As a reminder, please make sure you’re working with a duplicate/copy file of your data for this experiment and not with your original data file(s).

Terminology

UBC does not define the term “sensitive data”. Instead, UBC electronic information is classified using a schema outlined in UBC Information Security Standard U1 (ISS-U1). For the purposes of this workshop, however, we will use the term “sensitive data” to align with the terminology in Sensitive Data: Practical and Theoretical Considerations (Rod & Thompson, 2023). In this context, the term “sensitive data” will be treated as equivalent to information classified as “high risk” and “very-high risk” in UBC ISS-U1.

Table of contents

Recap: Manual de-identification methods

In our second workshop - “Introduction to Manual Data De-identification”, we introduced you to some common examples of manual de-identification methods for sensitive data. Have a look at the list below for a refresher on the types we discussed:

  • Anonymization: all identifying information is removed from the dataset and cannot be restored.
  • Pseudonymization: identifying information is replaced with artificial identifiers, such as codes or numbers.
  • Aggregation: individual data points are grouped together into categories or ranges.
  • Masking: identifying information is hidden or obscured by using techniques, such as encryption, hashing, blurring, or noise addition.
  • Generalization: identifying information is replaced with more general or vague terms.
  • Local suppression: individual cases or responses (individual records) are deleted.

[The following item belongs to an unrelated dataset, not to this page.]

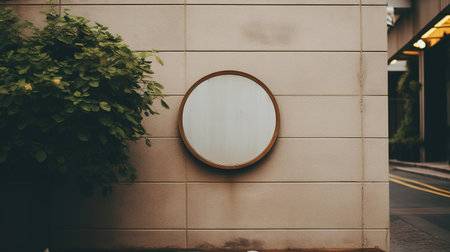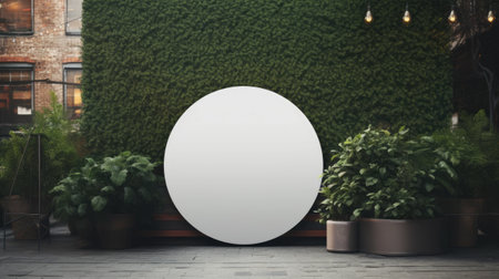 a rounded blank company sign mockup placed outdoors, a space for adding a company sign or logo

Recap: Manual de-identification steps

As a demonstration of some of the de-identification methods, we used a dummy dataset for a mock research project looking at production efficiencies of apple growers in the Pacific Northwest. Here are the steps we did:

  • Step 1: For direct identifiers, we applied pseudonymization by replacing participant names with “person1”, “person2”, and so on.
  • Step 2: For birth dates, we used aggregation to replace individual dates with 5-year age ranges.
  • Step 3: For geographic data, we applied pseudonymization again by replacing orchard names with “farm1”, “farm2”, and so on.
  • Step 4: For data that may be linked to external sources and result in re-identification, we used anonymization by removing this data for the variables affected.

After following these steps, we received a de-identified dataset and created a separate data key file that is safely stored with the research records.

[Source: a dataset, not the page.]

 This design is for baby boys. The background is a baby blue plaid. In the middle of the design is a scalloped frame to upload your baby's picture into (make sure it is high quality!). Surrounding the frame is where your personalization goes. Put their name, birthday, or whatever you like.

We are now going to replicate our second workshop on manual de-identification methods using Co-Pilot, to see its capabilities in assisting with the de-identification process. Microsoft Copilot is an AI-powered assistant embedded directly across the Microsoft ecosystem, including Windows and Office 365.

Here is the same dummy dataset for you to download and use for this workshop.

Using the MS Co-Pilot embedded assistant to help with data de-identification

  1. Navigate to MS Excel 365 on your web browser to access Co-Pilot as an embedded assistant, not the desktop application, because Co-Pilot is not available there. You may need to log in with your UBC CWL.
  2. In your toolbar, find and select the Co-Pilot icon. A new chat should open.
  3. Near the text entry box, find and select the “options” icon to activate “Edit with Co-Pilot”. This will ensure Co-Pilot makes changes directly to your duplicate file and does not generate a new file each time.

Some prompting tips to note before proceeding

  • It’s always best to be as clear as possible when prompting Co-Pilot. This can include specifying which variables will be modified, what exactly will happen to them, and what they will be replaced with (if using pseudonymization, aggregation, masking, or generalization). For example, if you use anonymization, specify exactly that the task is to remove variable data. If not specified, Co-Pilot will randomly decide and apply another de-identification method, such as aggregation or local suppression.
  • In your prompt, you should specify to place the de-identification results in a new sheet. If not, Co-Pilot will apply changes directly to the original sheet. You can also name the new sheets by prompting for and indicating what you want the sheet name to be.
  • To create a data key file for your original raw data, we found (by a lot of trial-and-error) that it’s best to finish all de-identification methods and then prompt for a data key file. You may run into issues, such as incorrect data key updates, as you move along the de-identification process.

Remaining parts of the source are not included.